Assuming the 90 days trading horizon Kamada is expected to generate 1.36 times more return on investment than Apple. However, Kamada is 1.36 times more volatile than Apple Inc. It trades about 0.03 of its potential returns per unit of risk. Apple Inc is currently generating about 0.02 per unit of risk. If you would invest  162,100  in Kamada on January 25, 2024 and sell it today you would earn a total of  28,800  from holding Kamada or generate 17.77% return on investment over 90 days.
Time Period3 Months [change]
DirectionMoves Together 
StrengthWeak
Accuracy78.95%
ValuesDaily Returns

Kamada  vs.  Apple Inc

 Performance 
       Timeline  
Kamada 

Risk-Adjusted Performance

0 of 100

 
Weak
 
Strong
Very Weak
Over the last 90 days Kamada has generated negative risk-adjusted returns adding no value to investors with long positions. Despite latest weak performance, the Stock's basic indicators remain strong and the current disturbance on Wall Street may also be a sign of long term gains for the company investors.
Apple Inc 

Risk-Adjusted Performance

0 of 100

 
Weak
 
Strong
Very Weak
Over the last 90 days Apple Inc has generated negative risk-adjusted returns adding no value to investors with long positions. Despite conflicting performance in the last few months, the Stock's basic indicators remain quite persistent which may send shares a bit higher in May 2024. The latest mess may also be a sign of long-standing up-swing for the company institutional investors.
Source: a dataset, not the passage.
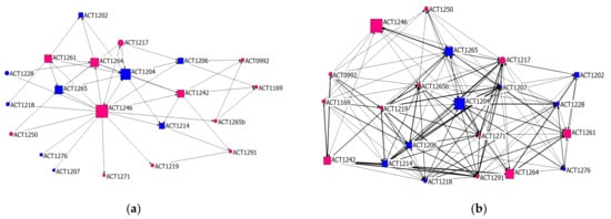 Consumption (a) and Friendship (b) networks. Colour: Gender (pink female, blue male). Shape: Consumption circle: non-consumer, square: consumer. Node size: eigenvector. Friendship network shows tie strength.

Kamada and Apple Volatility Contrast

   Predicted Return Density   
       Returns  

Pair Trading with Kamada and Apple

The main advantage of trading using opposite Kamada and Apple positions is that it hedges away some unsystematic risk. Because of two separate transactions, even if Kamada position performs unexpectedly, Apple can make up some of the losses. Pair trading also minimizes risk from directional movements in the market. For example, if an entire industry or sector drops because of unexpected headlines, the short position in Apple will offset losses from the drop in Apple's long position.
The idea behind Kamada and Apple Inc pairs trading is to make the combined position market-neutral, meaning the overall market's direction will not affect its win or loss (or potential downside or upside). This can be achieved by designing a pairs trade with two highly correlated stocks or equities that operate in a similar space or sector, making it possible to obtain profits through simple and relatively low-risk investment.
Check out your portfolio center.
Note that this page's information should be used as a complementary analysis to find the right mix of equity instruments to add to your existing portfolios or create a brand new portfolio. You can also try the Equity Forecasting module to use basic forecasting models to generate price predictions and determine price momentum.

Other Complementary Tools

Investing Opportunities
Build portfolios using our predefined set of ideas and optimize them against your investing preferences
USA ETFs
Find actively traded Exchange Traded Funds (ETF) in USA
Volatility Analysis
Get historical volatility and risk analysis based on latest market data
Equity Search
Search for actively traded equities including funds and ETFs from over 30 global markets
Portfolio Manager
State of the art Portfolio Manager to monitor and improve performance of your invested capital
Portfolio Comparator
Compare the composition, asset allocations and performance of any two portfolios in your account
Latest Portfolios
Quick portfolio dashboard that showcases your latest portfolios
Alpha Finder
Use alpha and beta coefficients to find investment opportunities after accounting for the risk
Efficient Frontier
Plot and analyze your portfolio and positions against risk-return landscape of the market.
Bond Analysis
Evaluate and analyze corporate bonds as a potential investment for your portfolios.